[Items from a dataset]
--------
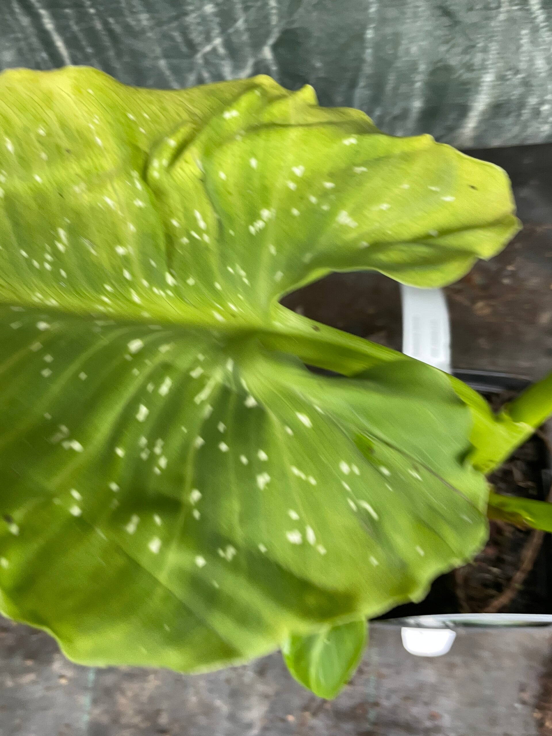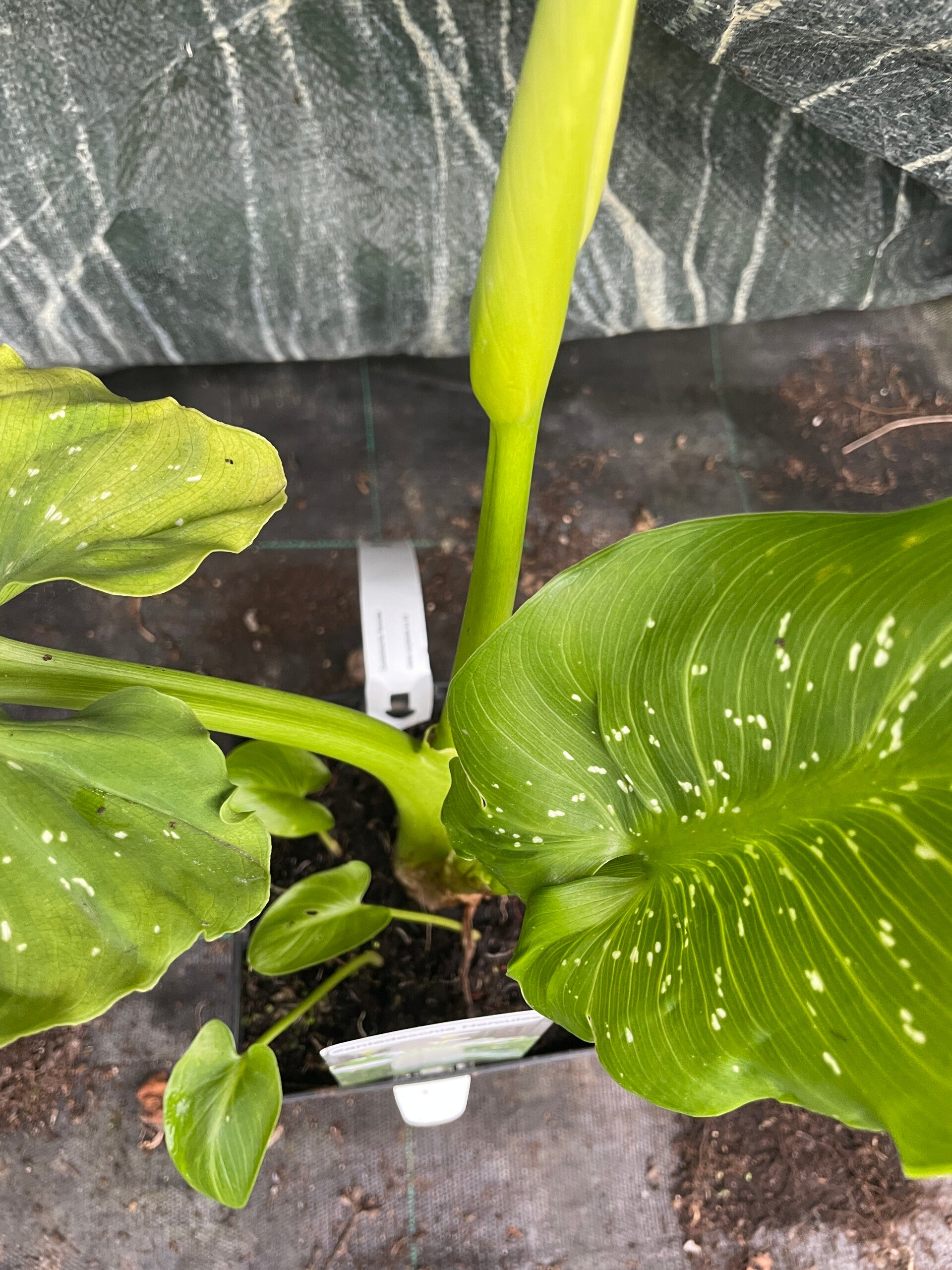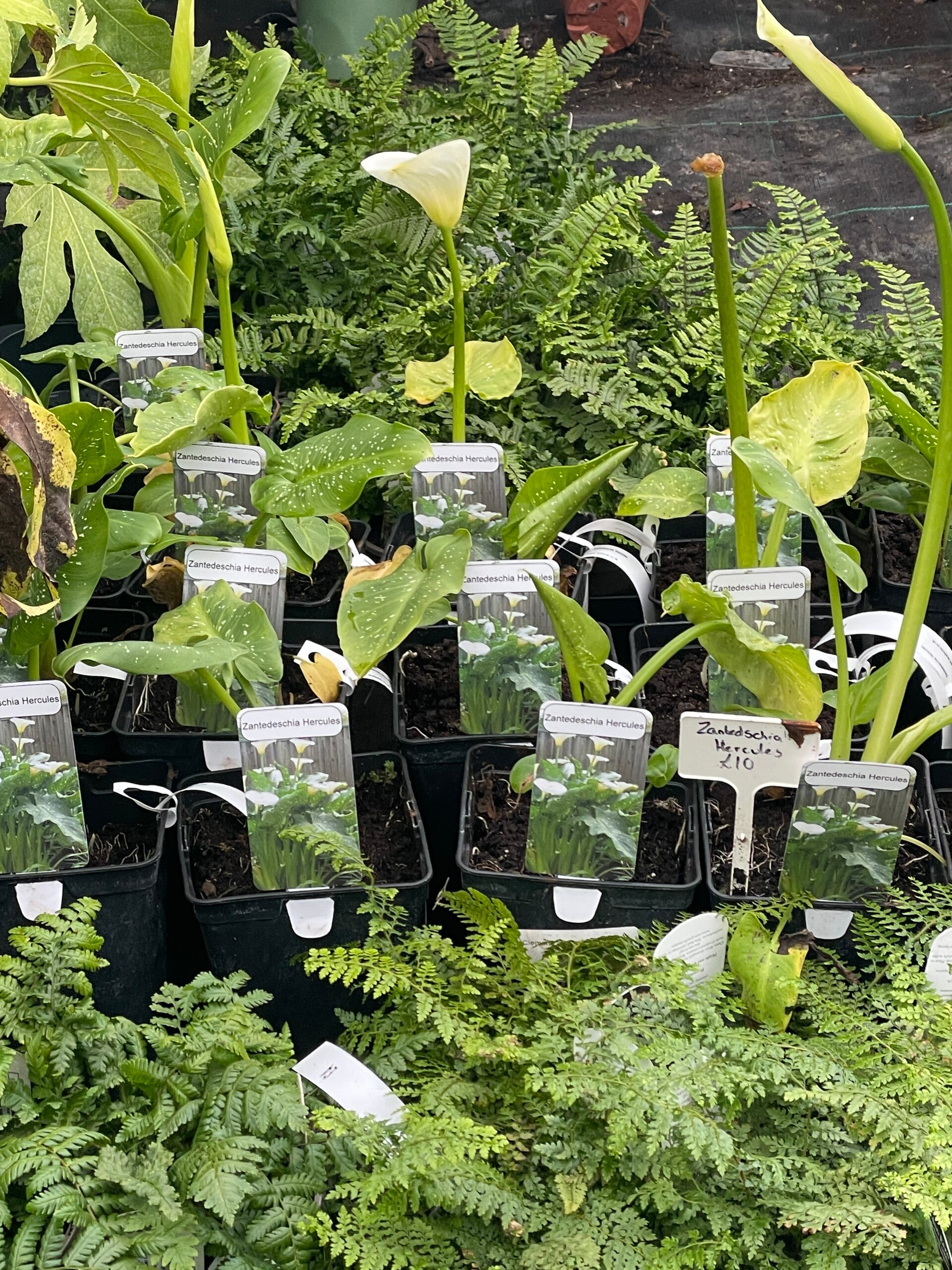 Zantedeschia ‘Hercules’, is a massive, architectural hybrid of the common Arum Lily. It is prized for its immense proportions, reaching heights of 1.5 to 2.5 metres (5–8 ft) under ideal conditions. Features huge, arrow-shaped, dark green leaves that are distinguished by their prominent white spots or silver "freckles". Leaves can reach up to 5 feet in length. Produces large, funnel-shaped, pure white spathes with a bright yellow central spadix. These blooms can be up to a foot across and often carry a faint, sweet scent.
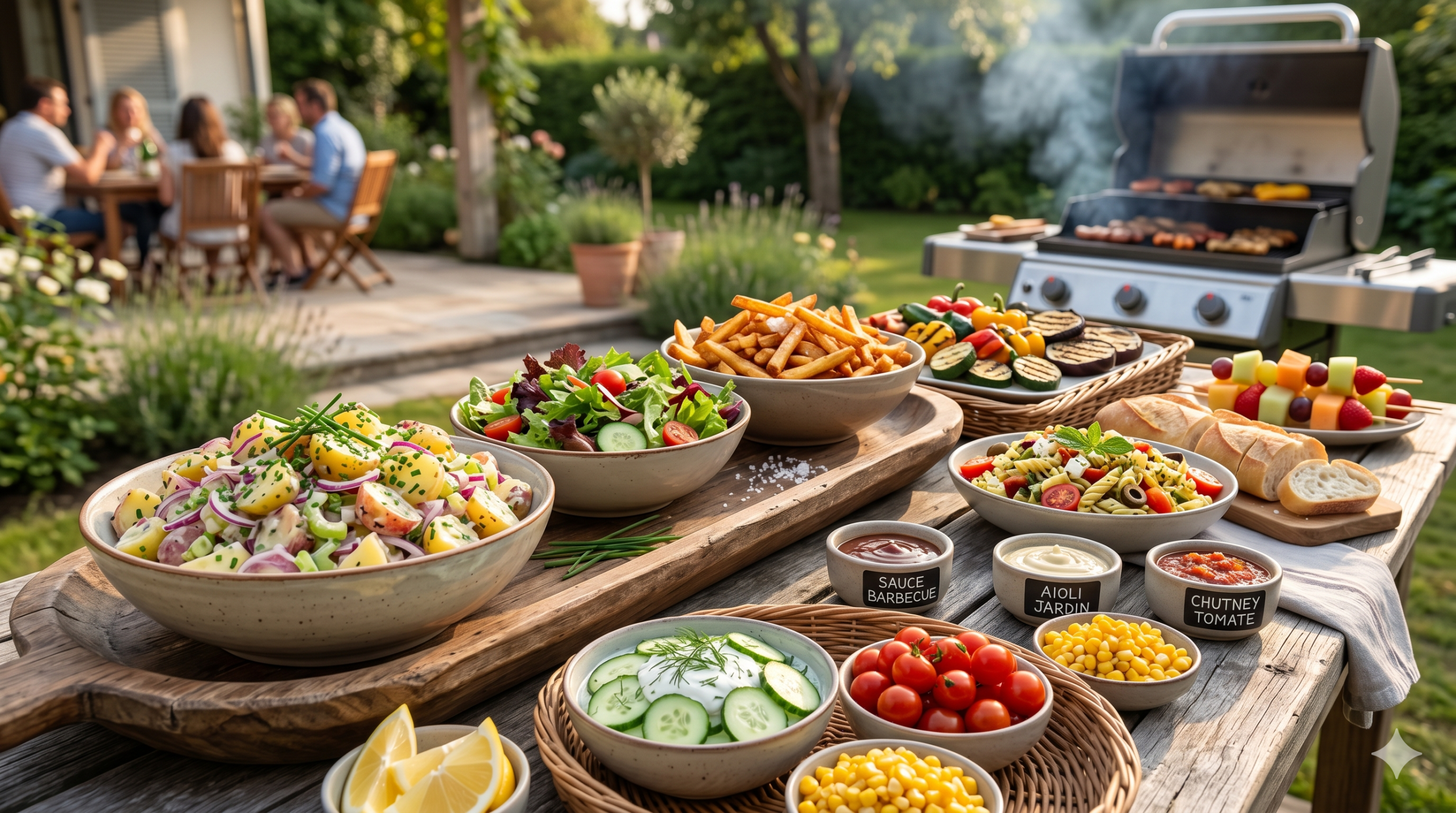 Un repas composé uniquement de grillades manque souvent de fraîcheur et d’équilibre. Les accompagnements barbecue remplissent plusieurs rôles en même temps. Ils allègent les plats riches, ajoutent de la couleur dans les assiettes et proposent des options pour tous les goûts, y compris les végétariens. Une table bien garnie en accompagnements, c’est aussi un repas plus convivial, où chacun se sert selon ses envies. En été, des plats froids ou tièdes placés au centre de la table facilitent le service. Ils évitent surtout de vous retrouver bloqué devant le barbecue pendant que vos invités attendent.
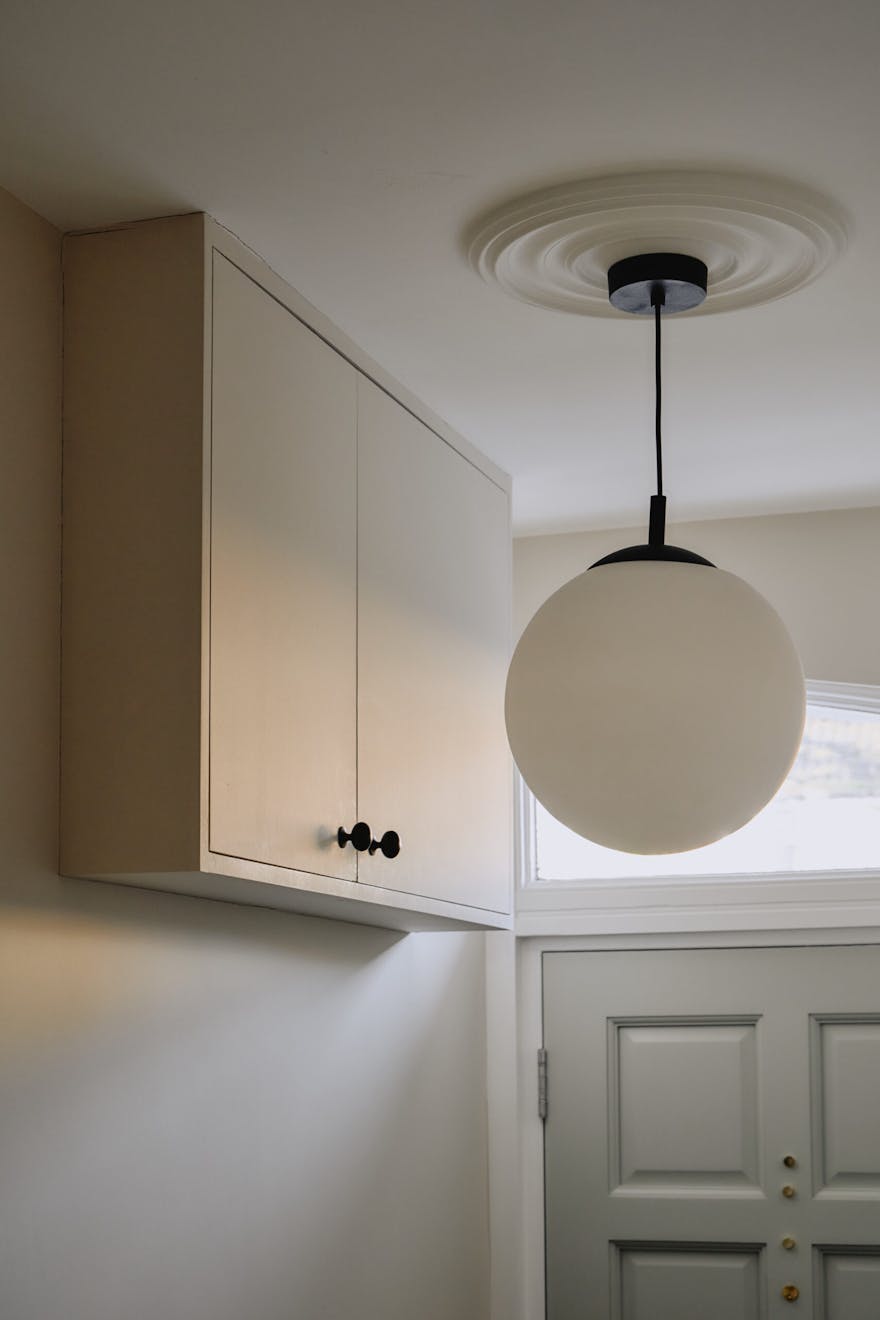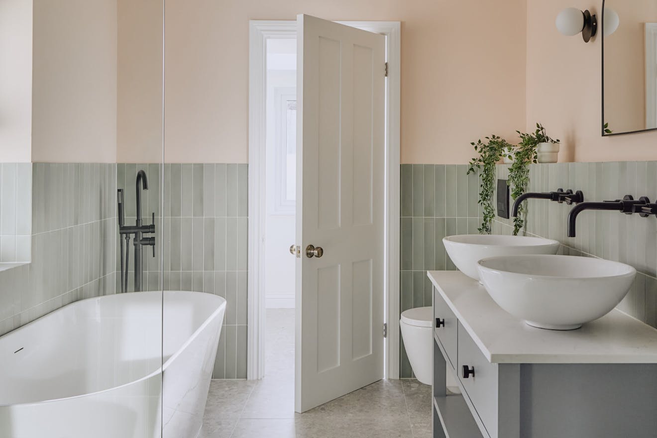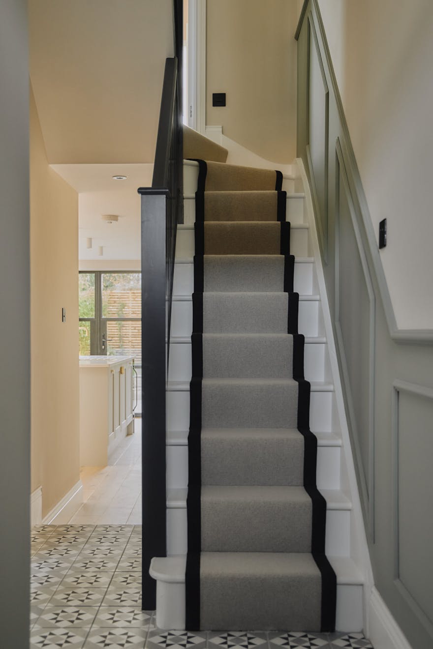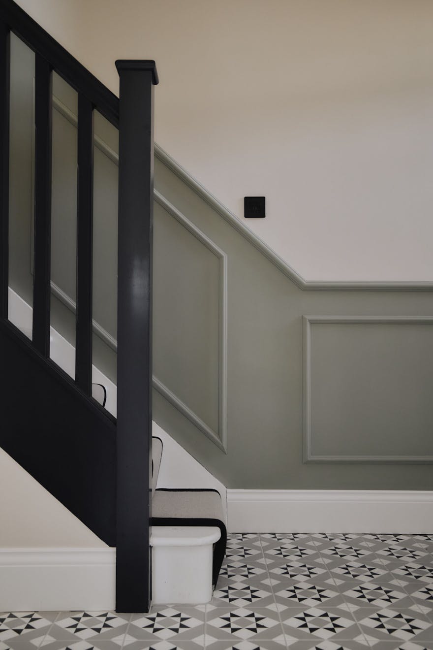 Set back from the pavement, the house is discreetly tucked behind three newly planted shrubs. A black-and-white chequered pathway leads to the front entrance, creating a charming first impression. As you step inside, you're immediately greeted by a sense of warmth, with a glimpse of striking Crittall-style doors setting the tone for the interior design.
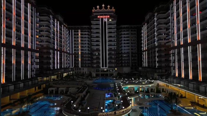 The 1+1 apartment (68 m2) is located on the 6th floor, facing west with a view of the entire complex infrastructure and includes: a living room combined with a kitchen, a bedroom, a bathroom and a balcony.
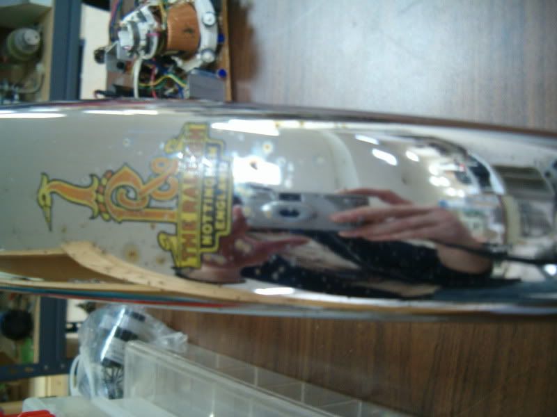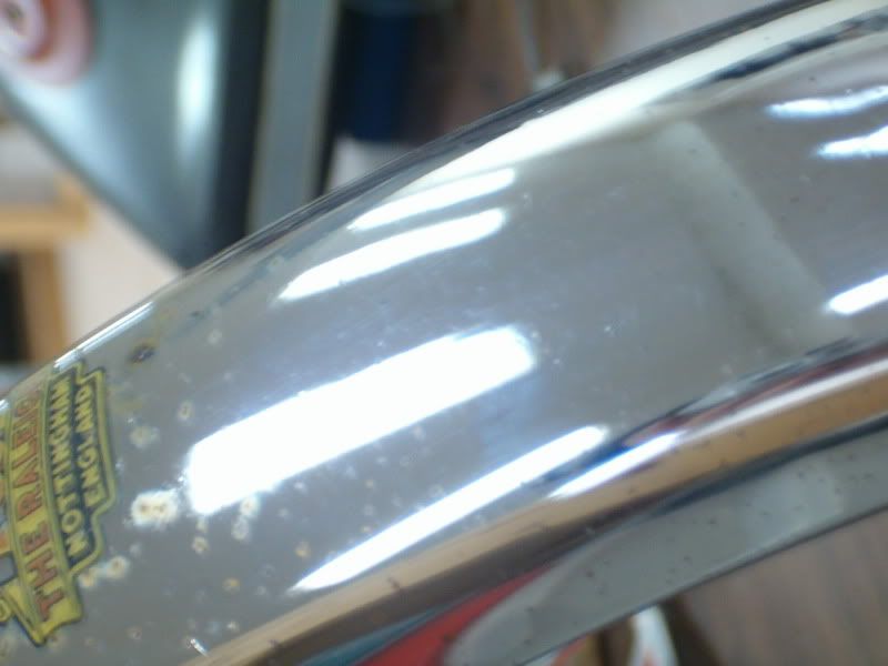 Here's an attempt to show you the little black dots that I called the "epicenter" of each rust puddle. They are hard to photgraph and literally look like little black specks. The bottom right corner of the picture, on the lip of the fender, has the best shot of them. The rust around the graphic is un-touched. I used mothers on everything to the right of the graphic though and it took the rust down to those specks.
--------
[Your objective]
Copy word for word only the lines above from the one with "Set back from" through the one with "The 1+1 apartment". Leave pictures out.

[Exercise response]
 Set back from the pavement, the house is discreetly tucked behind three newly planted shrubs. A black-and-white chequered pathway leads to the front entrance, creating a charming first impression. As you step inside, you're immediately greeted by a sense of warmth, with a glimpse of striking Crittall-style doors setting the tone for the interior design.
 The 1+1 apartment (68 m2) is located on the 6th floor, facing west with a view of the entire complex infrastructure and includes: a living room combined with a kitchen, a bedroom, a bathroom and a balcony.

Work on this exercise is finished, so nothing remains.